Visualizing Calibration

In this problem, we’re going to try to understand how calibration works by visualizing it. This turns out to be pretty straightforward when we’re talking about estimating a frequency after sampling with replacement. That’s because we know exactly what the sampling distribution of the sample frequency looks like except for one thing: we don’t know the population frequency \(\theta\). Here’s what they look like for population frequencies \(\theta\) from 10% to 90% in 10% increments at our sample size of n=100.

It follows that the width we should be using to calibrate our interval estimates—the width of the middle 95% of a distribution like this—is also determined by the population frequency \(\theta\). I’ve drawn it on as a ‘belt’ on the each distribution above. And we already have a function to calculate it: width.binom. And if we want to understand how these widths depend on \(\theta\), we can do the obvious thing: plot the width as a function of \(\theta\).

thetas = seq(0,1,by=.01)
widths.100 = thetas |> map_vec(function(theta) { width.binom(theta, n=n, alpha=.05) })
widths.625 = thetas |> map_vec(function(theta) { width.binom(theta, n=625, alpha=.05) })

ggplot() + 
  geom_line(aes(x=thetas, y=widths.100)) +
  labs(x='theta', y='width')
ggplot() + 
  geom_line(aes(x=thetas, y=widths.625)) +
  labs(x='theta', y='width')

The width of a calibrated 95% confidence interval as a function of the population frequency theta when \(n=100\).

The width of a calibrated 95% confidence interval as a function of the population frequency theta when \(n=625\).
Figure 2

We can even plot the interval itself as a function of \(\theta\). Here’s two slightly different ways of doing it. On the left, we have a visualization that focuses on the interval’s upper and lower bounds as functions of \(\theta\). The blue line shows the upper bound and the red line shows the lower bound. On the right, we have a visualization that focuses on what the intervals themselves look like. We’re plotting the intervals themselves, laid out vertically, as a function of \(\theta\).

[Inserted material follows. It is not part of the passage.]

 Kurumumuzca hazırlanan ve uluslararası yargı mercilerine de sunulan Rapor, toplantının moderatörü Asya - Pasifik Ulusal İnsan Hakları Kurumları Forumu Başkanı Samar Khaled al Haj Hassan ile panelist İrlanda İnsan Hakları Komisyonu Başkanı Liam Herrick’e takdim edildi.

These are really just different ways of styling the same plot. On the left, the upper and lower bounds are styled as two lines. On the right, maybe a bit more evocatively, they’re styled as the edges of actual intervals.

Figure 3

Here’s a few quick exercises to solidify your understanding of what these plots are saying.

Exercise 4  

Let’s use the notation \(w(\theta)\) to refer to the function from Figure 2, the width of a calibrated 95% confidence interval when the population frequency is \(\theta\). And let’s call the lower and upper bounds of the corresponding interval, which we see in Figure 3, \(\ell(\theta)\) and \(u(\theta)\) respectively. Write out formulas for \(\ell(\theta)\) and \(u(\theta)\) in terms of \(\theta\) and \(w(\theta)\).

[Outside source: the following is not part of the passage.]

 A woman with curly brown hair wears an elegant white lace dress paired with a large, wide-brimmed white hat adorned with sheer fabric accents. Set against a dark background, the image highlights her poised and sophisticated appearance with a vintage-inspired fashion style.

\[ \begin{aligned} \ell(\theta) &= \theta - \frac{w(\theta)}{2} \\ u(\theta) &= \theta + \frac{w(\theta)}{2} \end{aligned} \]

Exercise 5  

Let’s think about the ‘confidence interval for our estimate of the sampling distribution’ we talked about at the end of class this Wednesday. The one from the last slide. On that slide, I showed interval estimates \(\hat\theta \pm w(\hat\theta)/2\) calibrated by plugging a point estimate \(\hat\theta\) into the binomial formula to estimate the sampling distribution, like you did in Exercise 1. In particular, I showed these intervals for point estimates \(\hat\theta\) at the two ends of the sampling distribution’s middle 95%: a red one centered at \(\theta-w(\theta)/2\) and a blue one centered at \(\theta+w(\theta)/2\) where \(\theta\) was the population frequency. These intervals had different widths because they were calibrated using different estimates of the sampling distribution. Write out formulas these two intervals in terms of \(\theta\) and the functions \(\ell\) and \(u\) you defined in Exercise 4. Then, using your solution to Exercise 4, write an equivalent formula in terms of \(\theta\) and the function \(w\).

\[ \begin{aligned} \qty[\ell\qty(\theta-\frac{w(\theta)}{2}),\ u\qty(\theta-\frac{w(\theta)}{2})] &= \qty(\theta - \frac{w(\theta)}{2}) \pm \frac{w\qty(\theta-\frac{w(\theta)}{2})}{2} && \text{ is the \textcolor[RGB]{248,118,109}{red} one } \\ \qty[\ell\qty(\theta+\frac{w(\theta)}{2}),\ u\qty(\theta+\frac{w(\theta)}{2})] &= \qty(\theta + \frac{w(\theta)}{2}) \pm \frac{w\qty(\theta+\frac{w(\theta)}{2})}{2} && \text{ is the \textcolor[RGB]{0,0,255}{blue} one } \\ \end{aligned} \]

Exercise 6  

Using Figure 2, think about why the red interval, centered on an underestimate of the population frequency, covers the population frequency but the blue interval, centered on an overestimate, does not. No need to turn anything in as evidence that you’ve done the thinking.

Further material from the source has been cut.